I think a lot about this country we live in, write this blog about it, and particularly about the strange journey we've traveled during the last eight years or so. In the present political campaign, I sense that there is a widespread assumption that election of more Congressional Democrats and a new Democratic President will result in major "reform" of the worst political excesses of the Bush years, and will also bring on an amelioration of the tremendous economic difficulties the country now faces as the result of about 30 years of completely ignoring our problems in favor of a policy of never "changing our conditions." When the future arrives, I don't think the order of reality comprising the Now of that future will resemble a still image of a movie run in reverse to some American Golden Age.

Over the last couple of weeks, Scott McClellan and the report of the Senate Intelligence Committee on the use of pre-war information by the Bush Administration have confirmed what most Americans already knew: the Iraq War was set in motion through deliberate, calculated propaganda. In the effect, if not in exactly the style, the push to war was reminiscent of Joseph Goebbels's efforts in the summer of 1938 to supply the motive force for the German invasion of the Sudetenland. Both the Iraq War and the Third Reich's dismemberment of Czechoslovakia were completely "unnecessary" and sold to their respective audiences on the basis of specious "humanitarian" impulses (in the case of the Sudetenland, the alleviation of the "suffering" of the ethnic German minority in Czechoslovakia) and historical manifest destiny. It's ironic that Bush has borrowed the "appeasement" language of 1938; it's as if he doesn't understand which side of history he's on. He isn't a "peacemaker," he's a propagandist who in coldly calculated terms, and for reasons more personal than national, sold the United States on a disastrous and violent course of action that may prove our undoing.

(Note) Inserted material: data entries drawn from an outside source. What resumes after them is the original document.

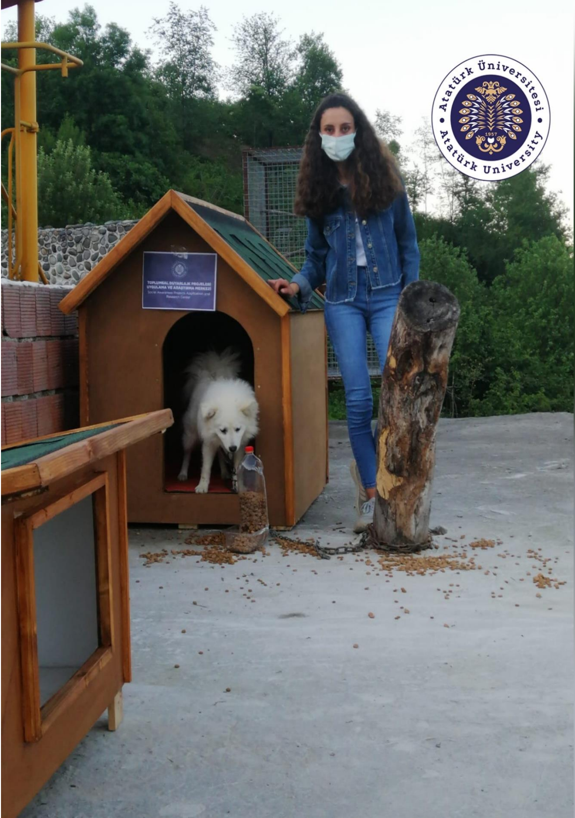
Proje kapsamında yaptırılan ısı yalıtımlı kedi ve köpek barınakları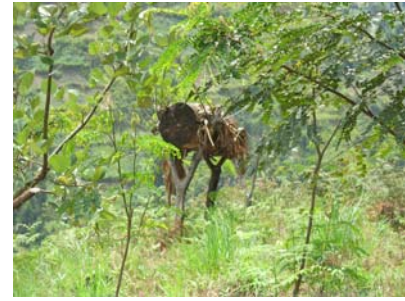
Uitgeholde boomstam als bijenkast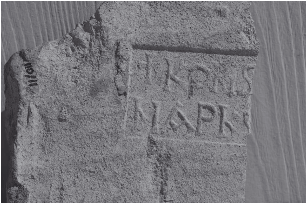
Abb. 6: Ziegelstempel (Konstantinos)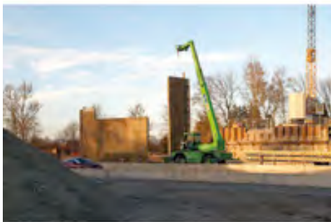
Neuer Brückenpfeiler: Leistungsstarke Teleskopmaschinen von HKL befördern Schalungsteile in die Mitte der Fahrbahn.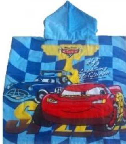
Производители пляжное полотенце с капюшоном пончо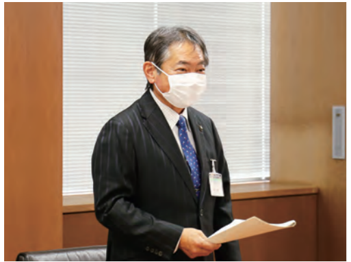
今後のまちづくりや各部局の懸案課題について意見交換をしました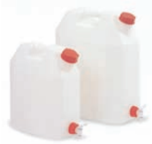
Tanica con rubinetto in PE HD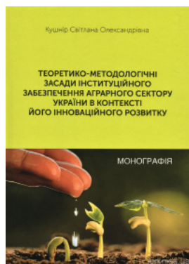
Теоретико-методологіч ні засади інституційного забезпечення аграрного сектору України в контексті його інноваційного розвитку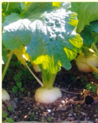
今年も美味しい「かぶ」が出来ました!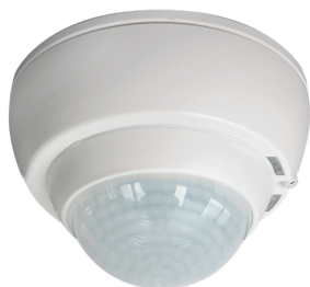
PD4-M-TRIO-K-3P-P Art.No: 92747

To receive the bundle according to the technical specification, please order the items listed.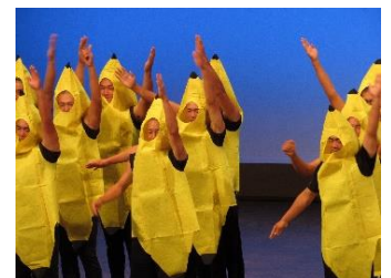
体育専攻クラスのバトナダンス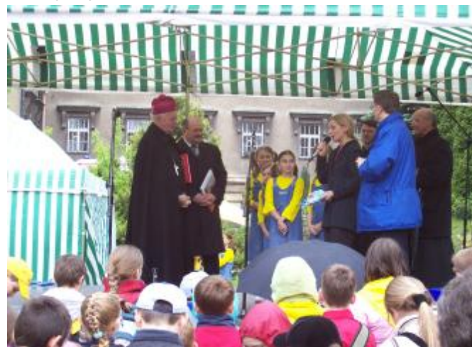
Dzień Dziecka. 2006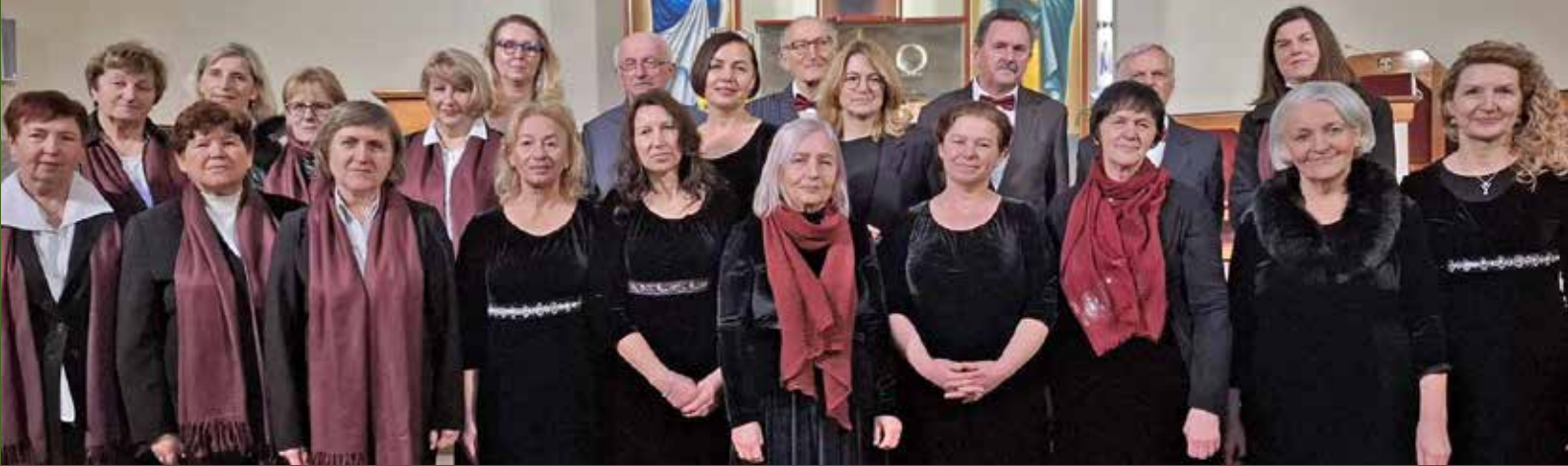
Połączone chóry Parafii Narodzenia NMP w Dąbrowicy oraz Parafii św. Rodziny w Lublinie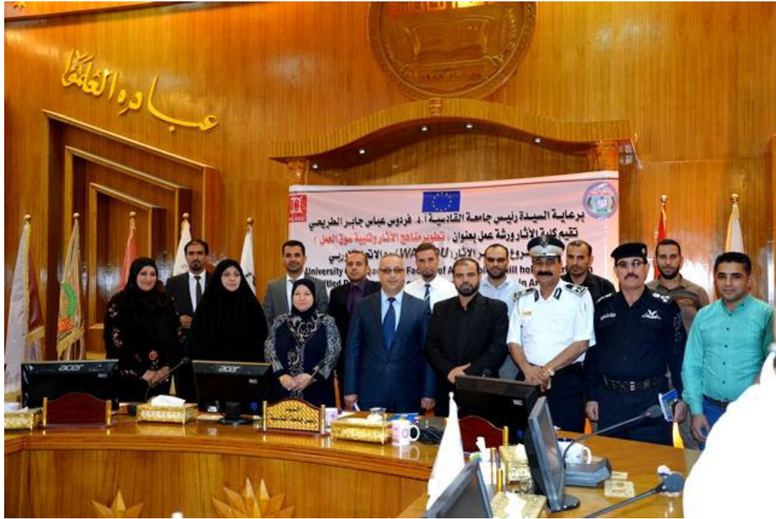
Local stakeholders and members of Qadisiyah of the WALADU project at the end of the workshop.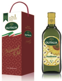
頂級葵花油 規格:1000cc/玻璃瓶 12瓶/箱 參考價400元

產品三大承諾：1. 義大利【原裝原罐】進口 2. 原廠保證100%純度 3. ISO9002認證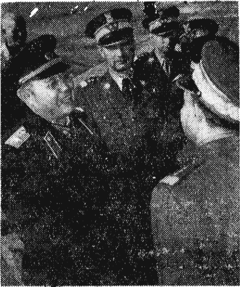
Na zdjęciu: Marszałek Związku Radzieckiego I. Koniew u ministra obrony narodowej generała broni Mariana Spychalskiego.

Do Warszawy przybyła również na uroczystości związane z obchodem XV-lecia Wojska Polskiego delegacja armii chińskiej na czele której stoi zastępca przewodniczącego Państwowego Komitetu Obrony Chińskiej Republiki Ludowej Yeh Chien-ying.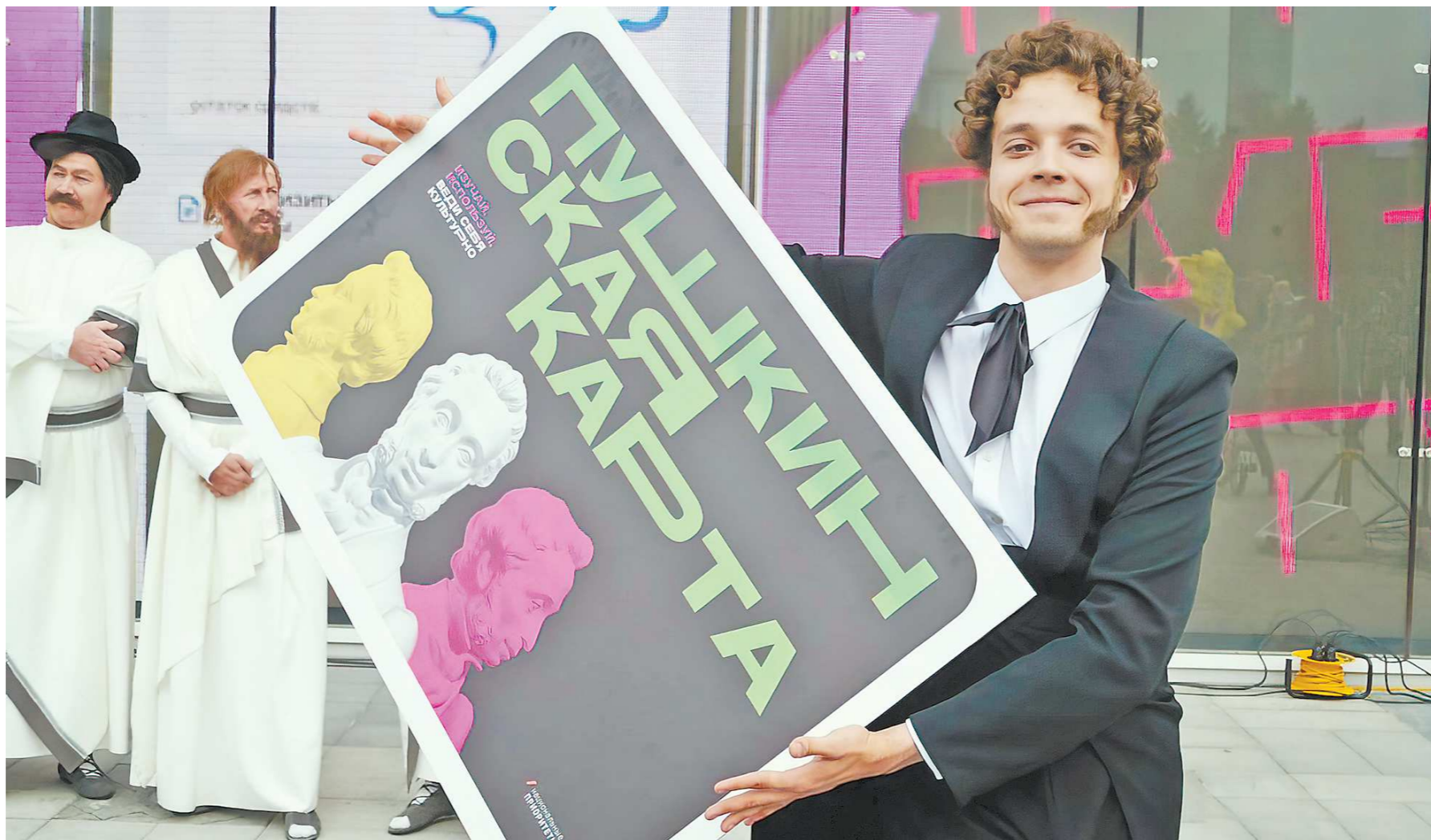
Перед организаторами стояла непростая задача – сделать так, чтобы великого писателя, ставшего лицом проекта, вспоминали только добрым словом. Спустя год видим, что Александр Сергеевич остался бы результатом доволен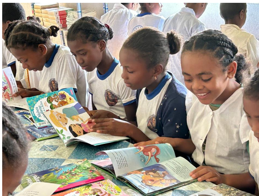
Studenti alla Saint Laurent school a Beandrazona si divertono leggendo libri alla biblioteca (Maggio 2023)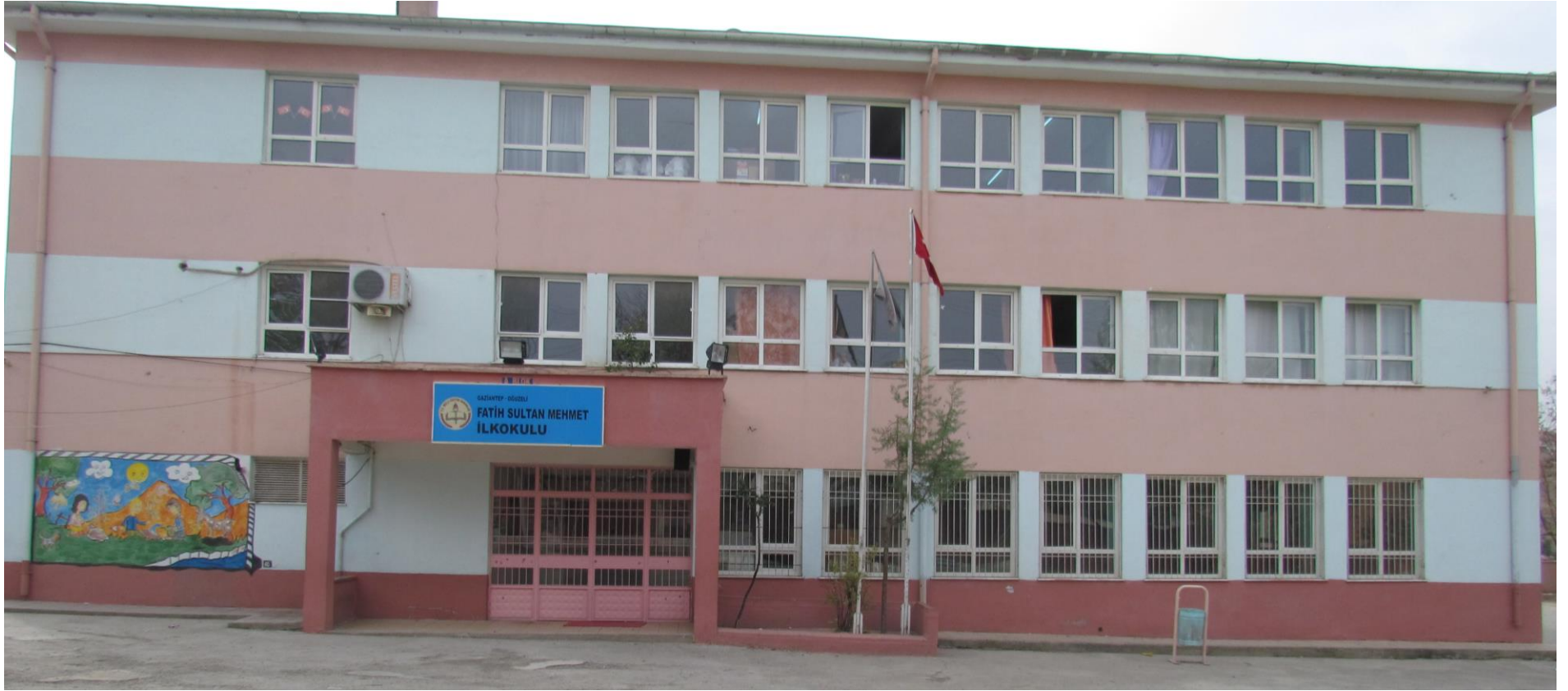
FATİH SULTAN MEHMET İLKOKULU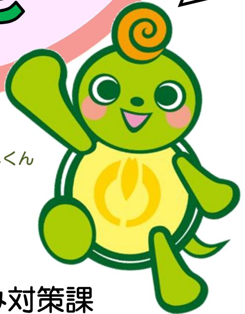
くるくるカメくん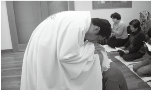
월레미사 - 미사에 참석한 사별 가족에게 강복을 주시는 신부님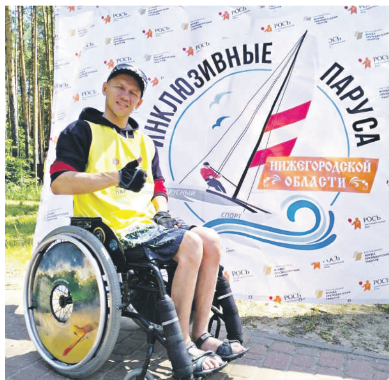
Подготовила Татьяна Крыльцова.

Команда КРОО ВОИ активно участвует в парусных мероприятиях самых разных уровней – от региональных до всероссийских. Они не только проявляют энтузиазм и знания в этой области, но и готовы поделиться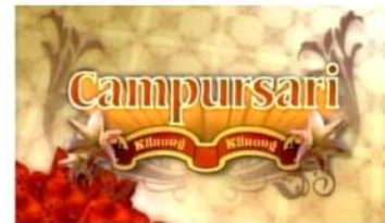
Gambar 3. Opening program & performer frame dalam sebuah episode program Klinong-Klinong Campursari

Konsep Program: Nama Program: Klinong-Klinong Campursari Slot Time : 60 menit Durasi : 60 menit Format : Program Hiburan/musik Segmentasi : Masyarakat umum Deskripsi: Program siaran ini menampilkan berbagai warna dan indahnya kesenian campursari yang diisi oleh group-group campursari yang dari Yogyakarta maupun Jawa Tengah.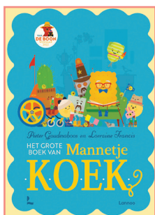
Het grote boek van Mannetje Koek

Lorraine Francis Pieter Gaudesaboos (ill.) Bette Westera (vert.)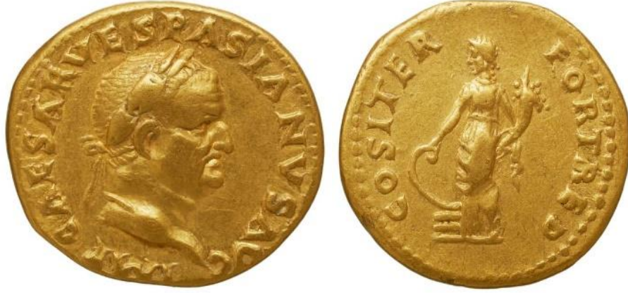
Görsel 2.35. İmparator Vespasianus tarafından Roma'da, MS 70 yılında bastırılan aureus. (RIC II Part 1, Vespasian 18) (6,99gr)

( http://numismatics.org/ocrc/id/ric.2_1(2).ves.18 Erişim Tarihi 20.03.2023)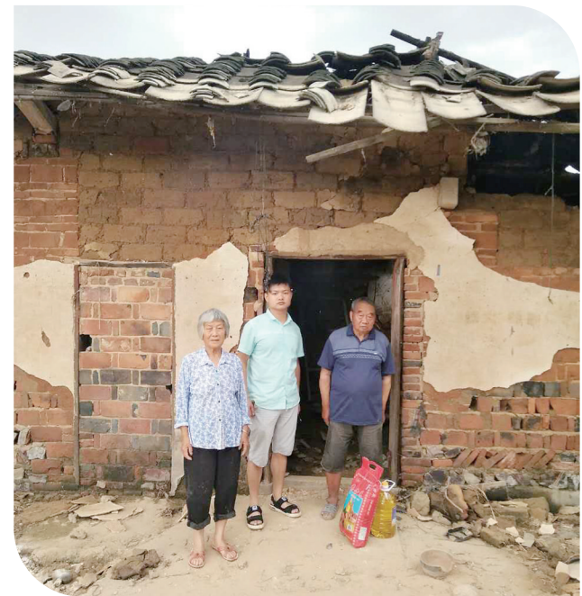
大米和食用油送到受灾群众家门口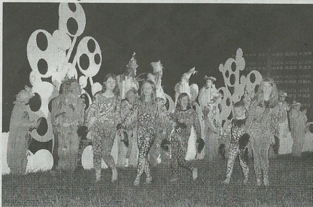
Les enfants étaient porteurs d'un message.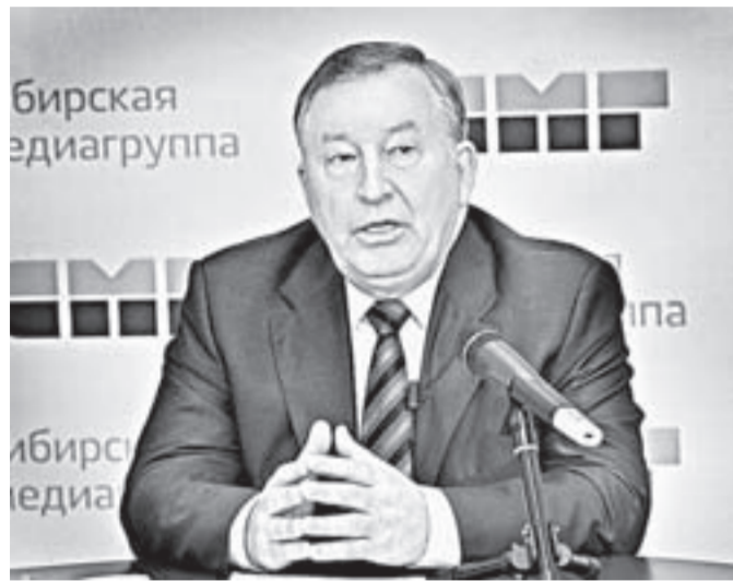
Губернатор считает своим долгом сделать все, чтобы в регионе вновь не возникла проблема с обманутыми дольщиками.

«Прямая линия» с Александром Карлиным: глава региона пообещал помочь с ремонтом детского сада в Суетском районе и взял ситуацию со строительством жилого комплекса «Демидов парк» на личный контроль.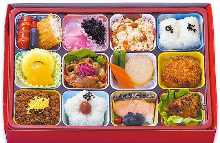
洋風ゴージャス弁当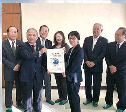
静岡県障害者スポーツ協会へ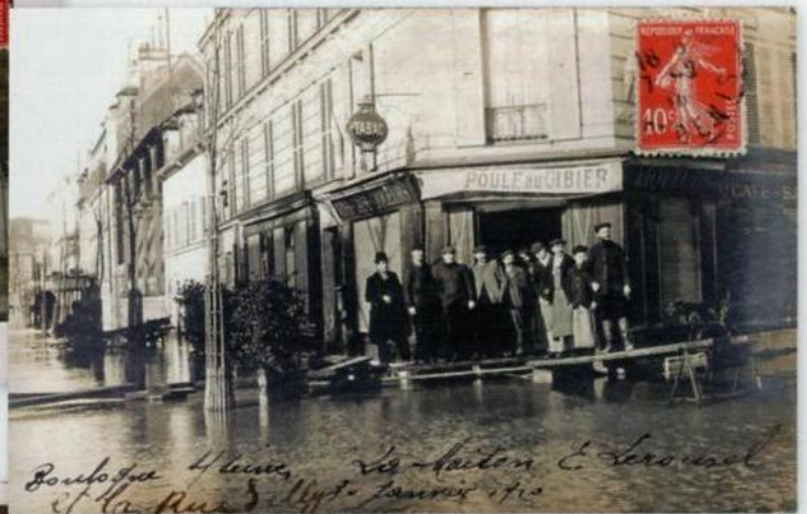
17 Carte sur la Maison E. Lerouxel, Bar – tabac – restaurant, située à l'angle de la rue de Silly et de la rue Michelet. Aujourd'hui, c'est toujours un restaurant, « Le Michelet ».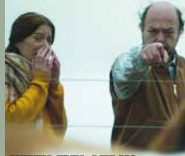
WHEN EVIL LURKS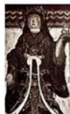
۱۰۱. کیشی جونن - [۳۱، ص ۳۱]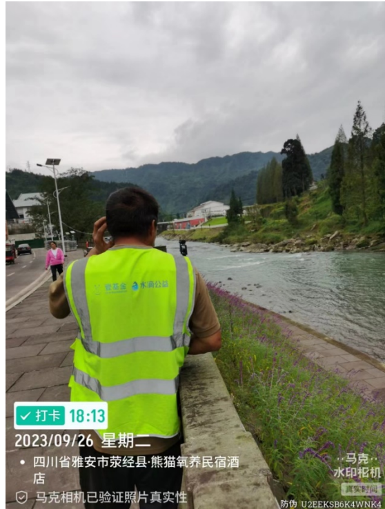
右图：队员在防汛隐患带你检测水位变化

9月7日至26日，万年村安全家园社区志愿者救援队由万年村村委会、龙苍沟镇政府，在万年村组织开展节前社区安全隐患排查工作。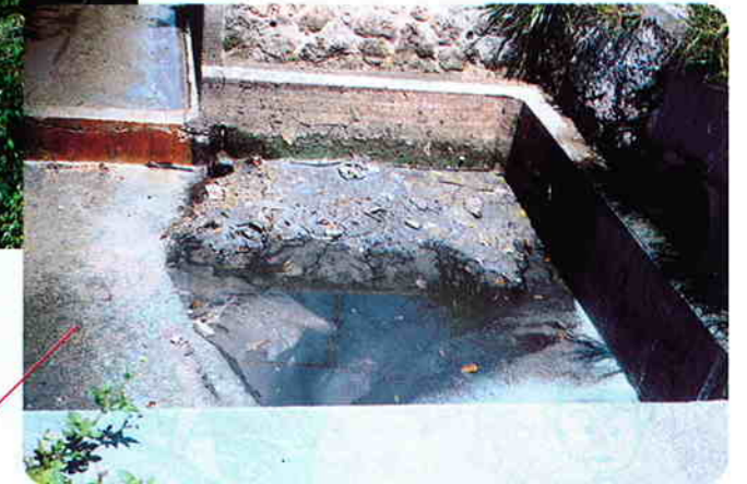
中城湾に流れ込む生活排水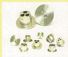
節水システムエコ

市場調査や国内外の見本市出展等を支援 【補助率】1/3 国内:25万円 海外:50万円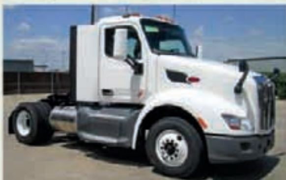
Avec son camion-concept, Peterbilt a donné un aperçu de ce que pourrait être le camion du futur.

Le camion-concept est également muni d'un système GPS pour ajouter des fonctionnalités comme le routage du dernier mille, l'aide au stationnement et la nouvelle fiche de compétence du conducteur.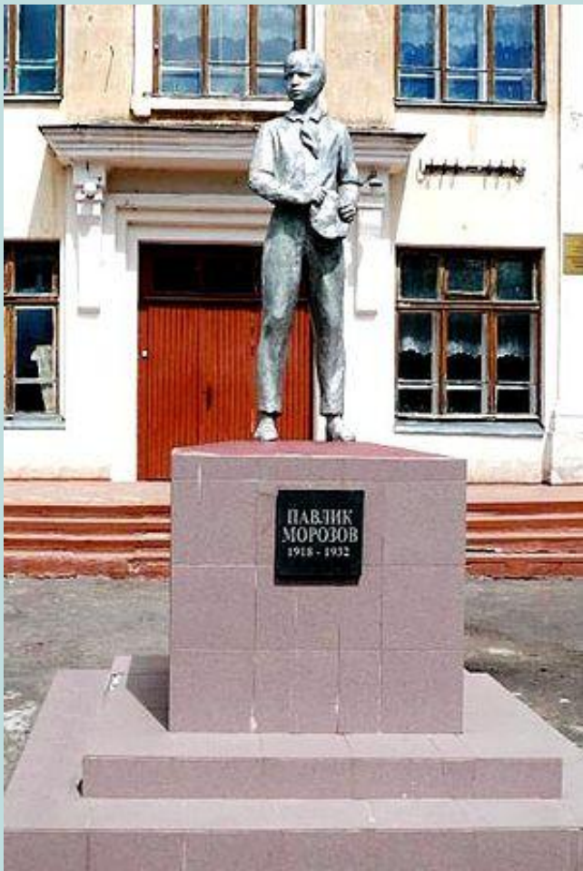
Памятник Павлику Морозову в городе Острове

The crushing expense of the war, the complete neglect of other pressing national problems, the torture and Gulag sideshows of the companion "war on terror," are only one part of this devolution. The problem is more basic than that. The Third Reich, as masterfully portrayed by Richard J. Evans in the second volume (The Third Reich in Power) of his three-part history, obviously had transmogrified itself into something unrecognizable before the rape of Czechoslovakia; but once the Wehrmacht rolled into the Sudetenland, the die was cast. Germany did not "reform" itself back to the society of civilized nations. Events simply took their course and Germany's fate was decided for it.

Momentous changes, within the context of modern international politics and economics, will happen here as well. The war and its aftermath will not simply blow over. There is a reason that this seemingly irrelevant misadventure in one, fairly small Middle Eastern country, whose fate is tied neither to our security nor to our prosperity, should preoccupy us, take up such a central place in American fortunes for over five years. Remarkably, as irrational as nearly everyone recognizes this war to be, how unaffordable it is in lives and treasure, in international goodwill, we can't find the political will to stop it. It's a form of national insanity. If we could figure out how we could have arrived in a state of such historical entropy, we could understand the broad outlines of the changed conditions ahead.